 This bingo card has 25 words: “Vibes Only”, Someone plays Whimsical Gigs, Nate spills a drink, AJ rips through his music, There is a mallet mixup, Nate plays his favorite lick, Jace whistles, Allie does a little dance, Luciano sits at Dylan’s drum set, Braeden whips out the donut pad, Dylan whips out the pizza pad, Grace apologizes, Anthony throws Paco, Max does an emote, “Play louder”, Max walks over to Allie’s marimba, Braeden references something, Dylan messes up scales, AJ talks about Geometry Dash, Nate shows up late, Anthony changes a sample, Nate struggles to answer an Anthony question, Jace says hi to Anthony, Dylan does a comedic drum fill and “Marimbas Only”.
* * *
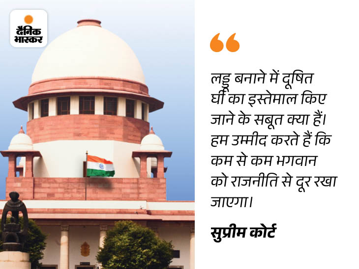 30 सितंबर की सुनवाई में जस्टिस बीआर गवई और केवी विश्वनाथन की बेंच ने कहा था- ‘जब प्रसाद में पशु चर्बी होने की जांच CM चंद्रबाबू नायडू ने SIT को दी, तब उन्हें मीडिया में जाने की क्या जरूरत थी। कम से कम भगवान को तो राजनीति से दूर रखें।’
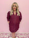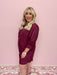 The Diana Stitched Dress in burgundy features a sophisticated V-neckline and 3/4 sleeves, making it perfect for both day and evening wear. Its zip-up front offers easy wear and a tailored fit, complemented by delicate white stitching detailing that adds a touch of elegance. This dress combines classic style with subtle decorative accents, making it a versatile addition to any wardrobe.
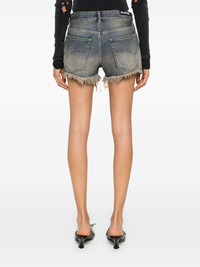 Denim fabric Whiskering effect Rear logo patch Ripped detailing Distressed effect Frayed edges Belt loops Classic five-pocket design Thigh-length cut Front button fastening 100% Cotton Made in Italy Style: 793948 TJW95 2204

Task requirements: The reply should hold exactly the lines above, starting at the line with "30 सितंबर की" and ending at the line with "Denim fabric Whiskering", and no pictures.

Response to the exercise:
 30 सितंबर की सुनवाई में जस्टिस बीआर गवई और केवी विश्वनाथन की बेंच ने कहा था- ‘जब प्रसाद में पशु चर्बी होने की जांच CM चंद्रबाबू नायडू ने SIT को दी, तब उन्हें मीडिया में जाने की क्या जरूरत थी। कम से कम भगवान को तो राजनीति से दूर रखें।’
 The Diana Stitched Dress in burgundy features a sophisticated V-neckline and 3/4 sleeves, making it perfect for both day and evening wear. Its zip-up front offers easy wear and a tailored fit, complemented by delicate white stitching detailing that adds a touch of elegance. This dress combines classic style with subtle decorative accents, making it a versatile addition to any wardrobe.
 Denim fabric Whiskering effect Rear logo patch Ripped detailing Distressed effect Frayed edges Belt loops Classic five-pocket design Thigh-length cut Front button fastening 100% Cotton Made in Italy Style: 793948 TJW95 2204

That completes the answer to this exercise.